A log setting section 51 analyzes the project data 71 to extract a device described in the project data 71 and creates log setting data 72 for setting the extracted device as the logging object. The log setting section 51 has various functions. A component designating section 52 designates a program component which is the extraction object of the device according to a user instruction input from the operating section 8. In addition, the component designating section 52 designates a program component which is excluded from the extraction object of the device according to a user instruction input from the operating section 8.
A device extracting section 53 analyzes the project data 71 to extract a device described in the project data 71 and creates the log setting data 72. An adding section 54 analyzes a program component designated as the extraction object by the component designating section 52, extracts the device described in the program component and adds the device to an extraction list. A deleting section 55 analyzes a program component designated as an excluding object by the component designating section 52, extracts the device described in the program component and deletes the extracted device from the extraction list. Alternatively, the deleting section 55 adds the extracted device to an exclusion list. A merging section 56 deletes repeatedly extracted devices from the extraction list among the devices respectively extracted from a plurality of program components. A specifying section 57 detects an instruction word for a memory card in the project data 71, specifies a device which is an object of the instruction word and adds the specified device to the extraction list.

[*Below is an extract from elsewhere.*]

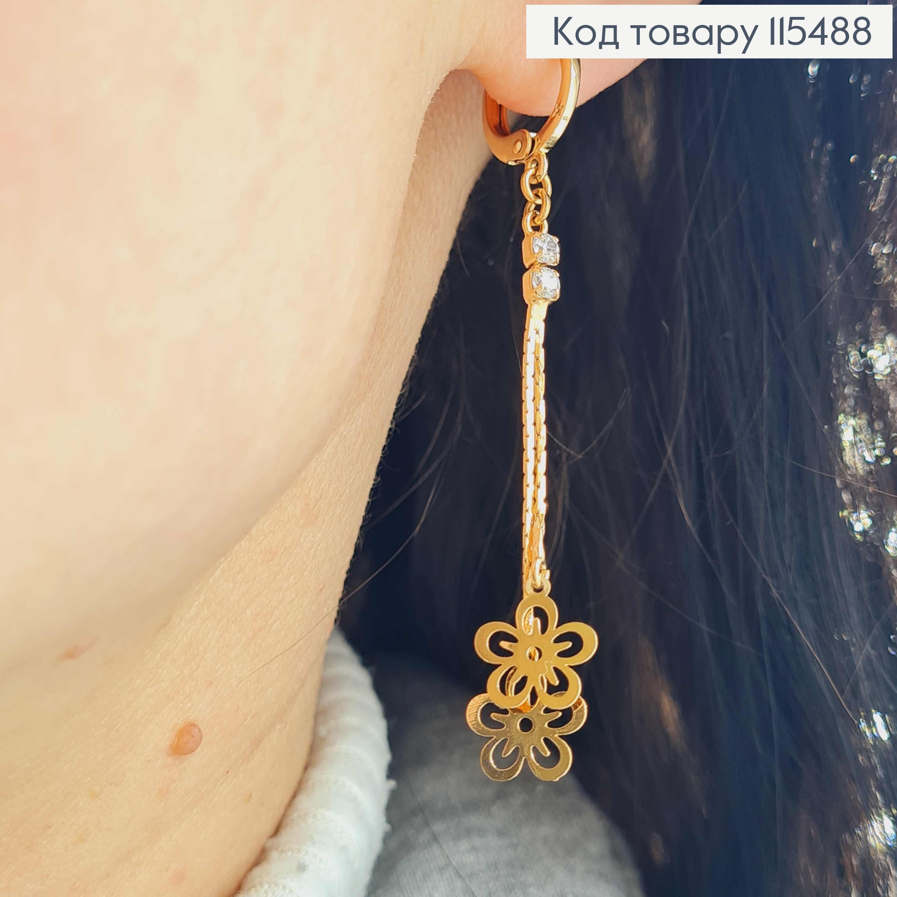 Серьги кольца 1см, с камешками и подвеской ниточками с цветами 4см Xuping 18K

In the embodiment, after the component designating section 52 designates the program component, the adding section 54 extracts and adds a device which is the logging object by analyzing the designated program component. However, the invention is not limited thereto. For example, the adding section 54 may be configured to first analyze one or more program components included in the project data 71 to extract a device. After adding the extracted device to the extraction list, the adding section 54 may extract the device described in the program component designated by the component designating section 52 and add the device to the extraction list.

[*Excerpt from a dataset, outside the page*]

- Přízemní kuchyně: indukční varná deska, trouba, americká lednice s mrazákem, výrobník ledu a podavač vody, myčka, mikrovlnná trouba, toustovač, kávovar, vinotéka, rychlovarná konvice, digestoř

Similarly, the deleting section 55 may be configured to, after creating an extraction list by first analyzing one or more program components included in the project data 71, extract the device described in the program component designated by the component designating section 52 and delete the device from the extraction list.

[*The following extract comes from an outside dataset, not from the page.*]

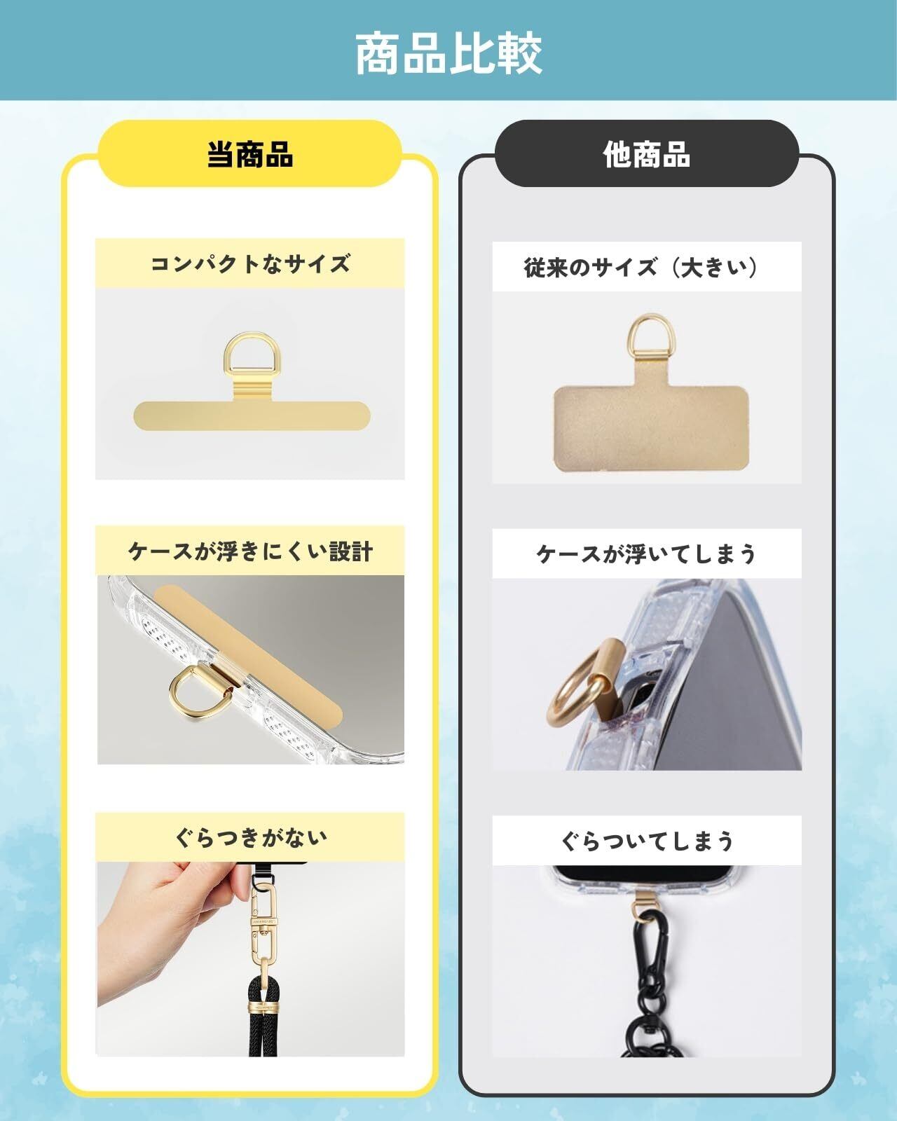 [LICOM] 【ちぎれるストレスから解放】 スマホ ストラップホルダー 極薄0.2mm 金属製 タグパッチ 落下防止 充電影響なし 首掛け 斜めがけ 全機種対応 (ブラック)

Although the adding section 54 and the deleting section are separated from each other in the embodiment for convenience of explanation, it is needless to say that the two sections can be one function block.
A manual setting section 58 adds one device or a series of related devices to the extraction list according to a user instruction input through the operating section 8. An estimating section 59 estimates an influence of the recording of a device value by the PLC 1 on the execution of the user program based on the number of devices extracted as recording objects by the device extracting section 53. A delay time related to the number of devices values due to logging is added to scan time. Therefore, the estimating section 59 may obtain the delay time by multiplying the number of device values by a predetermined coefficient and display the delay time as an estimation result on the display section 7. The delay time may be referred to as a scan time extension.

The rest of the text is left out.